Key Feature Three: Voting
  • The New Law currently provides for one class of creditors for voting purposes, comprising privileged creditors (e.g. government dues), unsecured creditors (including unsecured portion of a secured debt), and secured creditors if authorised by the Bankruptcy Court (e.g. if the rights of those secured creditors are affected by the plan). While the New Law refers to creditor classification, there is no reference to cross-class cramdowns. Further guidance on creditor classes and their treatment for voting purposes is anticipated in the Implementing Regulations.
  • The meeting quorum to approve a plan requires creditors representing 50% of the approved claims for voting purposes to attend (the Required Amount).
  • In order for a plan to be approved creditors holding 66 2/3% of the Required Amount must vote in favor of the plan (therefore in theory a plan could be approved by creditors holding 33% of the approved claims).
  • Additionally, any plan approved by the required majority must meet the new fairness standards (defined by the New Law) and be ratified by the Bankruptcy Court.
Key Feature Four: Ratification of a Restructuring Plan which has not been approved by the Required Majority

The Bankruptcy Court has the right to approve a restructuring plan which has not been approved by the required majority. This is not the case for a preventative settlement process.

Key Feature Five: New Financing

The Bankruptcy Court has the authority to approve new financings which:

  • rank above other unsecured debt;
  • are secured against unencumbered assets (if any);
  • are secured against encumbered assets (and therefore constitute second ranking security); and/or
  • are secured as first ranking security over encumbered assets (with the consent of the beneficiary of the existing first ranking security).
Key Feature Six: Capacity

Capacity of the Bankruptcy Court stands as a pivotal and frequently discussed topic under the New Law.

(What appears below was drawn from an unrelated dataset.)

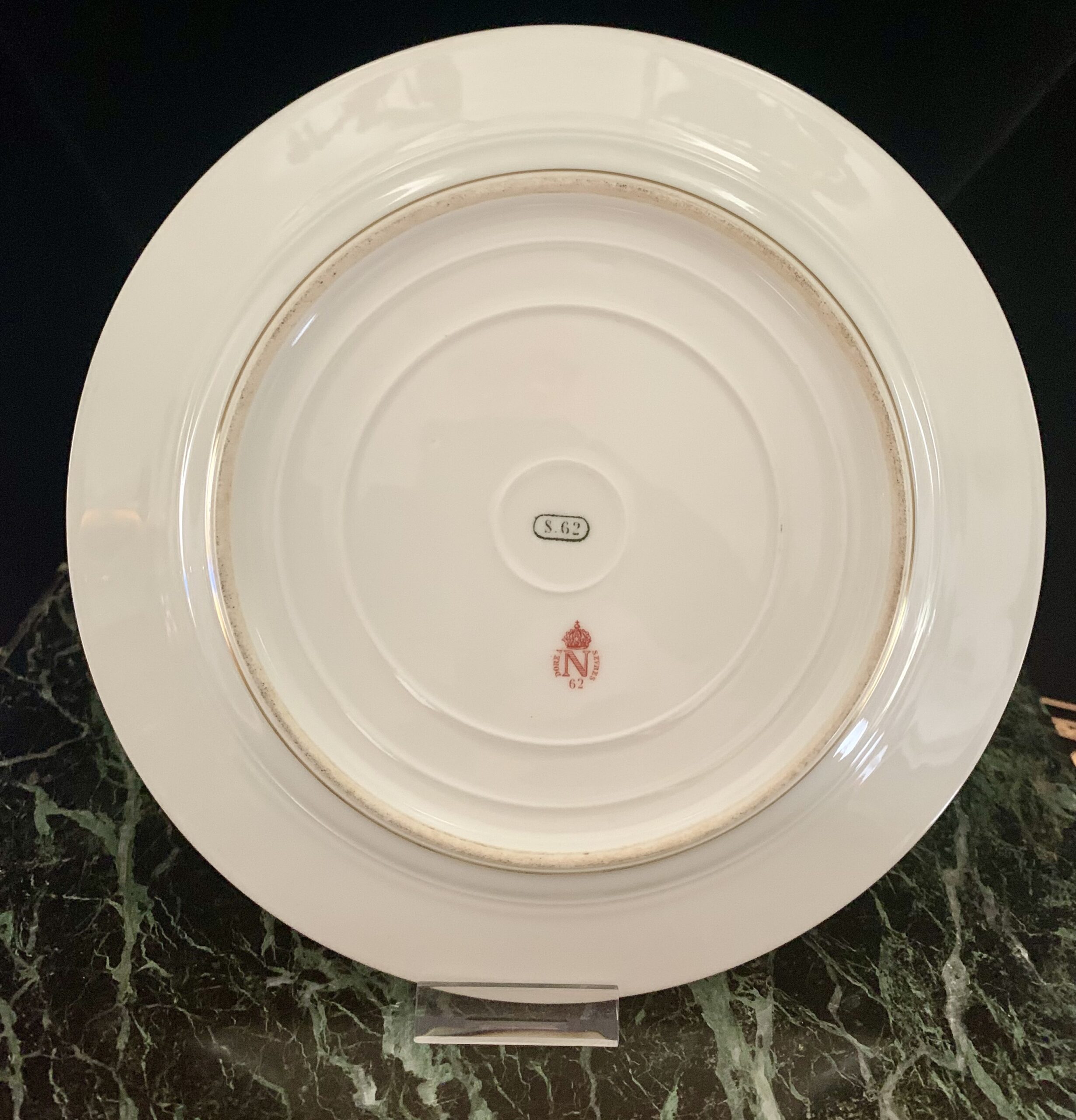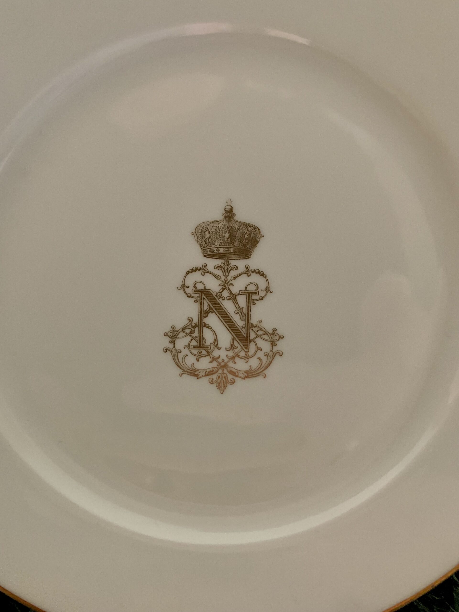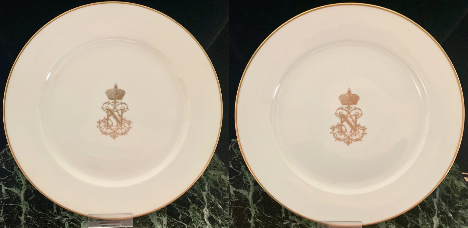 Paire d’assiettes plate à dessert – Ø : 19,5 cm, à filets et chiffre au «N» sous couronne impériale dorés.

The New Law is sophisticated. It aims to ensure swift and efficient access while safeguarding the rights of debtors and creditors under a predicable regime. Addressing these concerns, amongst others:

  • The New Law establishes a Bankruptcy Court dedicated to hearing restructuring and bankruptcy matters.
  • Under the New Law the Bankruptcy Court has broad discretion to determine matters such as:
    • Making the decision whether to accept a restructuring or a bankruptcy application (i.e. does the creditor meet the required threshold to be able to commence the applicable proceeding?).
    • Ratifying a restructuring plan which has not been approved by the required majority.
    • Appointment of trustees.
    • Determining trustees’ powers in respect of specific issues.
    • Decisions with respect to a debtor borrowing new monies.
    • Determining which creditors have the right to vote on plans.
    • Making decisions to amend plans before being sent back for a further vote (e.g. in the event grounds of fairness have not been met).
  • The Bankruptcy Court’s broad discretion underscores the significance of building capacity within the court, and ensuring enhanced expertise in exercising such discretion over time.
  • The Bankruptcy Court will be supported by:
    • Experts/auditors paid for by the competent judicial authority. This is distinct from trustees appointed to oversee the restructuring and bankruptcy procedures.
    • The bankruptcy administration within the Bankruptcy Court to be led by a judge of no lower rank than an appeal court judge, tasked with responsibilities such as reviewing the pace of various procedures, aligning with the objective of expediting implementation of procedures under the New Law.
    • The Bankruptcy Unit (being the old Financial Restructuring Committee) will sit within the Ministry of Justice, tasked with matters such as approving roster of experts and establishing and organising a bankruptcy register.